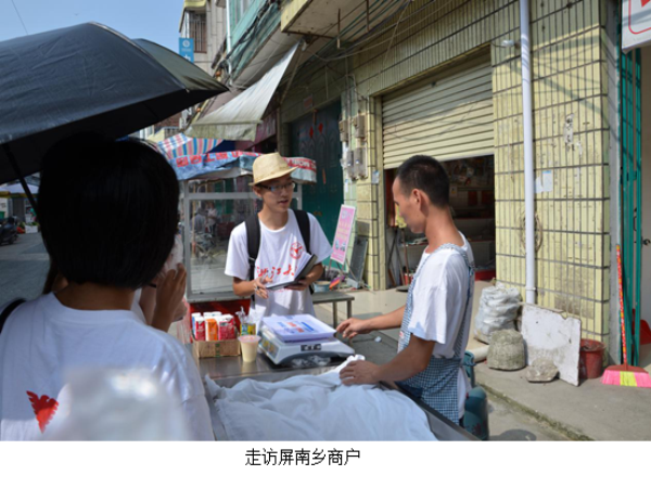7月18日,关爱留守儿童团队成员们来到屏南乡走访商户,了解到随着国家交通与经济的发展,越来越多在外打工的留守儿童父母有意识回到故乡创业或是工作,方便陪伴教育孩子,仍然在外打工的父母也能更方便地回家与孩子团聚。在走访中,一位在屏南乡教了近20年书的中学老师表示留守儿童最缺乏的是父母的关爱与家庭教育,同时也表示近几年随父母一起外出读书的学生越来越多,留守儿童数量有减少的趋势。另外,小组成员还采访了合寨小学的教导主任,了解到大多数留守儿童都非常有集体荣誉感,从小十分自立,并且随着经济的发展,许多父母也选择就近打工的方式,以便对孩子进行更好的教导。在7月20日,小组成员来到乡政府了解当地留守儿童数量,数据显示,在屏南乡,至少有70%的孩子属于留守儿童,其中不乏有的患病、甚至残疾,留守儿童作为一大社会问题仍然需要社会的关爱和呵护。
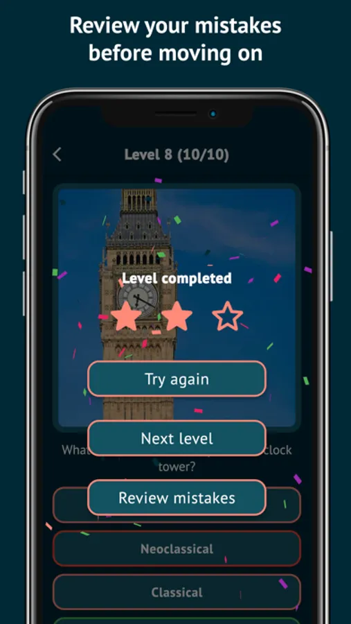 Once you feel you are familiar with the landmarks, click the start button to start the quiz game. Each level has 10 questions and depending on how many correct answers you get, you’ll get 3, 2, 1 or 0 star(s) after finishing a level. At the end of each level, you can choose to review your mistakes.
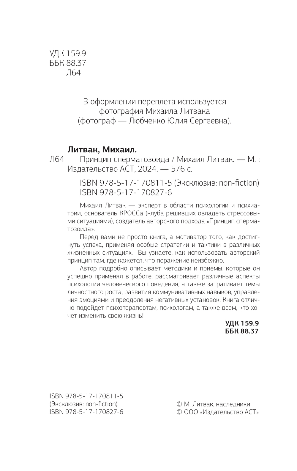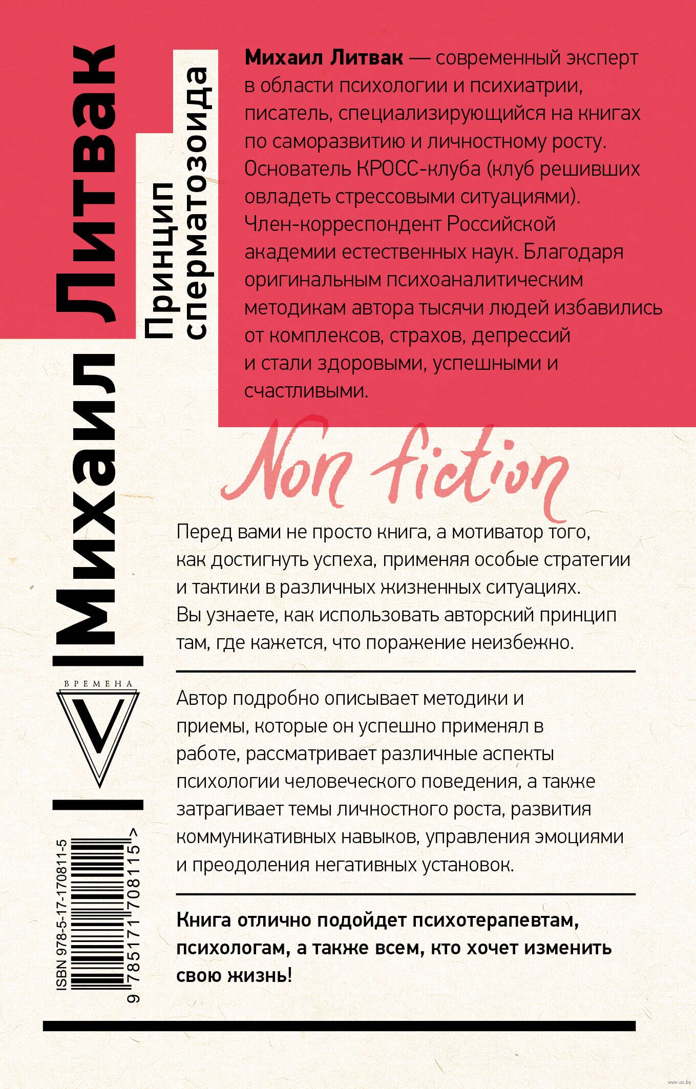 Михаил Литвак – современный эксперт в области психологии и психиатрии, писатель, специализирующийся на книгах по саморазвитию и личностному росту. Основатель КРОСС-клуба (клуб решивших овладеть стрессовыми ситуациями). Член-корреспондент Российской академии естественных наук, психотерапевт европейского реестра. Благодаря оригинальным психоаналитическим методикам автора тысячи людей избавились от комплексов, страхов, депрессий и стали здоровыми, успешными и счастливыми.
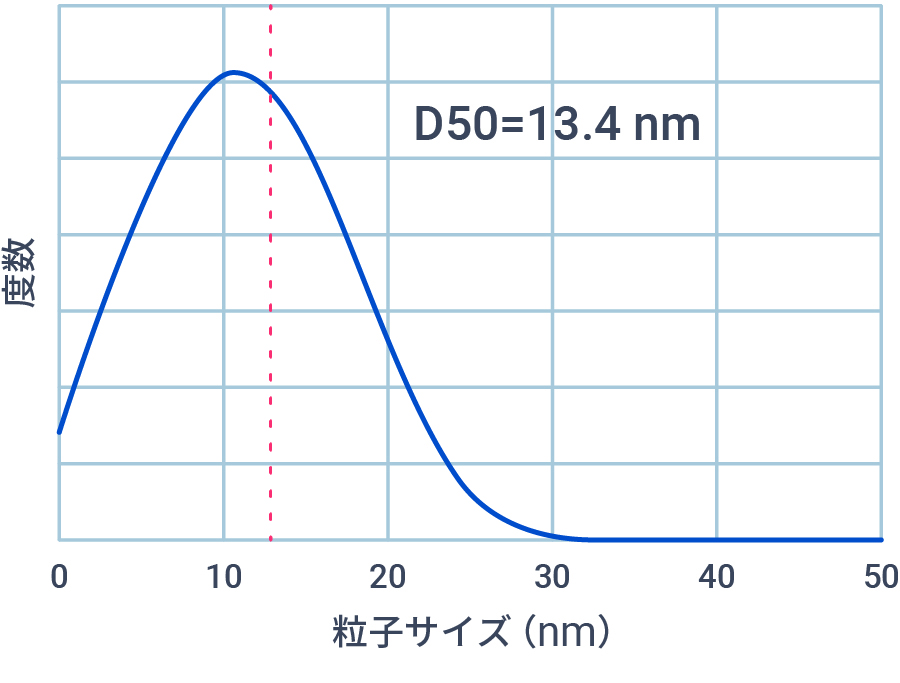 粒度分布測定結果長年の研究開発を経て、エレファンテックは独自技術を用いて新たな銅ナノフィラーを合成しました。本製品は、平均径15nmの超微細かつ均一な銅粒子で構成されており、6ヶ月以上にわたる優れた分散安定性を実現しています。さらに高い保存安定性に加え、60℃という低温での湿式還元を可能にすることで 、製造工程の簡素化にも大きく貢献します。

--------

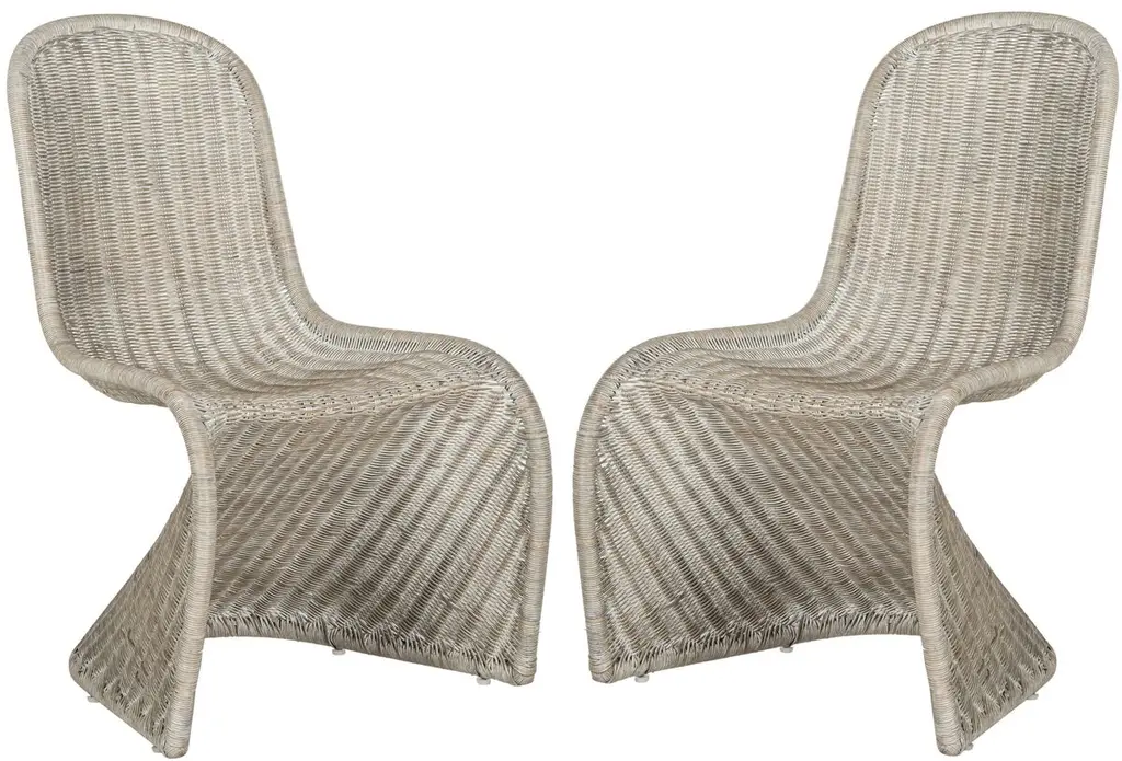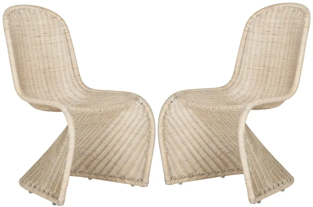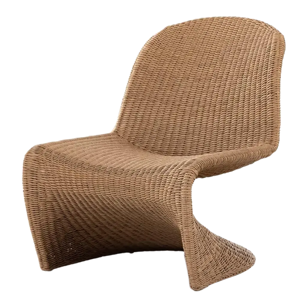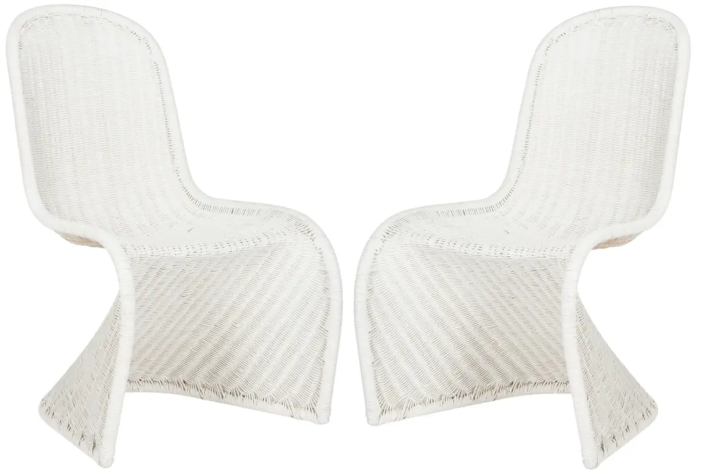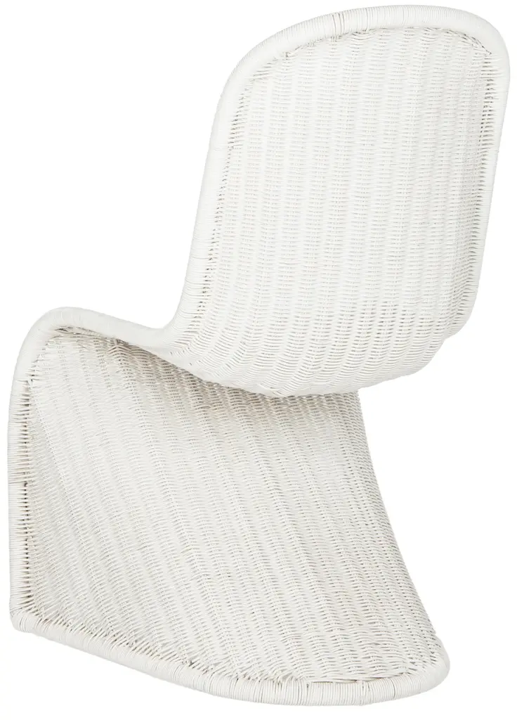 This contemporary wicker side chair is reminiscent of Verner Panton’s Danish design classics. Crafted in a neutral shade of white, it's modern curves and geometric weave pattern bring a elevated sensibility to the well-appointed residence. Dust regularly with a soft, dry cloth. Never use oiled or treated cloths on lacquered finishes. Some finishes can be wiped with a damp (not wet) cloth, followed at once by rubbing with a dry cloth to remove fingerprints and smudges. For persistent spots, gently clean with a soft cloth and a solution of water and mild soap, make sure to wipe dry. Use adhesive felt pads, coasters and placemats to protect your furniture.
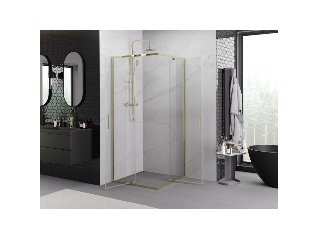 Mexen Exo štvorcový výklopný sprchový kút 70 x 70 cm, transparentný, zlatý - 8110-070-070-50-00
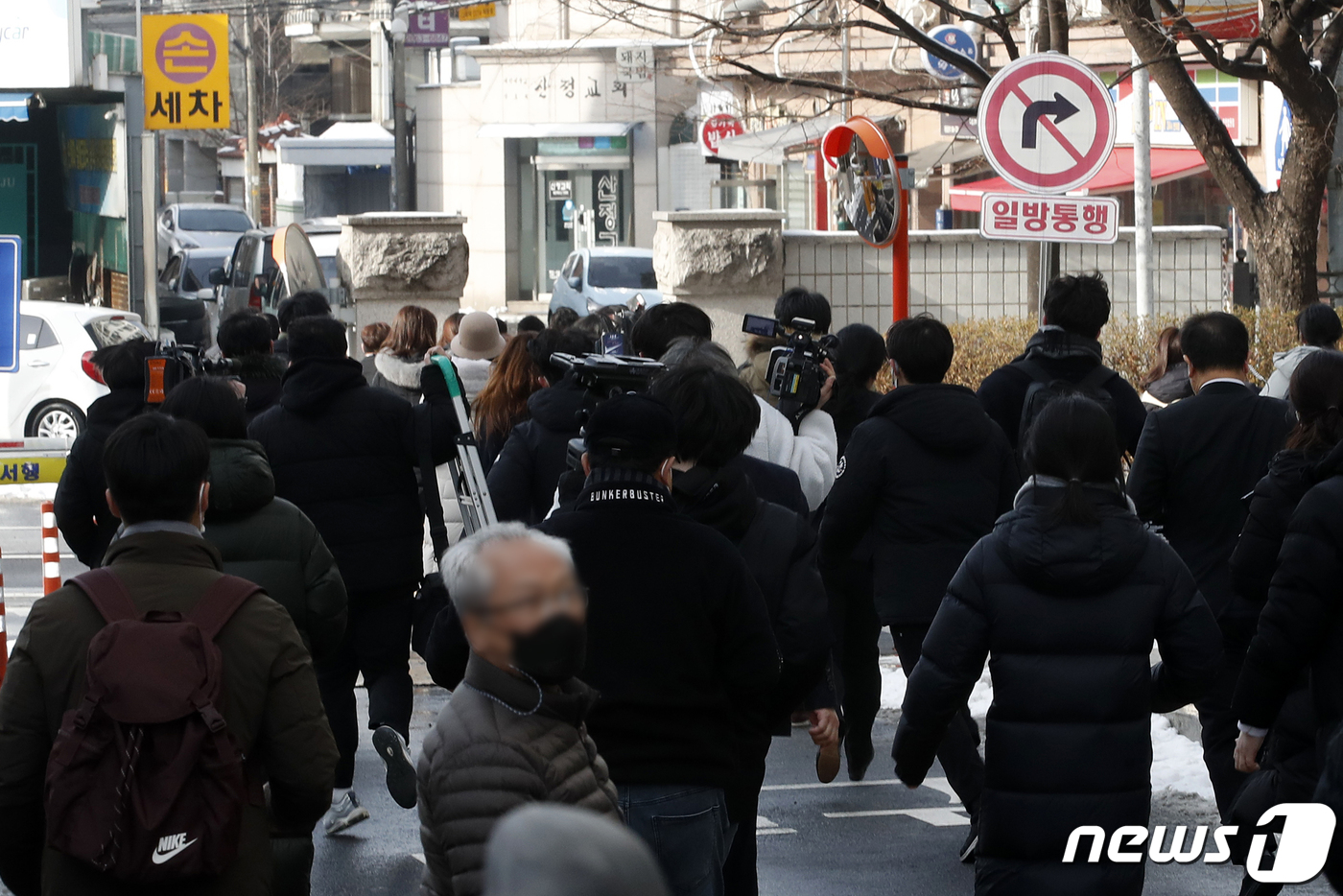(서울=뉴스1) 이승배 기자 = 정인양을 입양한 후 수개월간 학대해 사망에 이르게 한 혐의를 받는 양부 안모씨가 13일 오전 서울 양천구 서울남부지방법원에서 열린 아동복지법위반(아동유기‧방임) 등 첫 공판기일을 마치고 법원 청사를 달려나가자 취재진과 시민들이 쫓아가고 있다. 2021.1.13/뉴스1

--------

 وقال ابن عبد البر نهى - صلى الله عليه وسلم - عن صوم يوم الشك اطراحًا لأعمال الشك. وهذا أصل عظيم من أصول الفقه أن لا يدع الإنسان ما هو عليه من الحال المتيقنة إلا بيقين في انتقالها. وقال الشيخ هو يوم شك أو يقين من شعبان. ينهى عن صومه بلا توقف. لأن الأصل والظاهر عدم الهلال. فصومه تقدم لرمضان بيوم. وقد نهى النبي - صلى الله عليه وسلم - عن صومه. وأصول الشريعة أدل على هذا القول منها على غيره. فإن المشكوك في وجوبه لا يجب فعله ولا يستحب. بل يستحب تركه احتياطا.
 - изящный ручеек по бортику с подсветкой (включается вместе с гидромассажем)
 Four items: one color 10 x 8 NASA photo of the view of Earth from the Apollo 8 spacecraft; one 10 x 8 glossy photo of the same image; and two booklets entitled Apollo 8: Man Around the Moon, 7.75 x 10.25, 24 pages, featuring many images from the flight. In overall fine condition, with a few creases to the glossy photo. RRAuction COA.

--------

TASK:
Look above for the line with "Once you feel", then give again exactly every line from there through the line with "粒度分布測定結果長年の研究開", skipping the pictures.

WRITTEN RESPONSE:
 Once you feel you are familiar with the landmarks, click the start button to start the quiz game. Each level has 10 questions and depending on how many correct answers you get, you’ll get 3, 2, 1 or 0 star(s) after finishing a level. At the end of each level, you can choose to review your mistakes.
 Михаил Литвак – современный эксперт в области психологии и психиатрии, писатель, специализирующийся на книгах по саморазвитию и личностному росту. Основатель КРОСС-клуба (клуб решивших овладеть стрессовыми ситуациями). Член-корреспондент Российской академии естественных наук, психотерапевт европейского реестра. Благодаря оригинальным психоаналитическим методикам автора тысячи людей избавились от комплексов, страхов, депрессий и стали здоровыми, успешными и счастливыми.
 粒度分布測定結果長年の研究開発を経て、エレファンテックは独自技術を用いて新たな銅ナノフィラーを合成しました。本製品は、平均径15nmの超微細かつ均一な銅粒子で構成されており、6ヶ月以上にわたる優れた分散安定性を実現しています。さらに高い保存安定性に加え、60℃という低温での湿式還元を可能にすることで 、製造工程の簡素化にも大きく貢献します。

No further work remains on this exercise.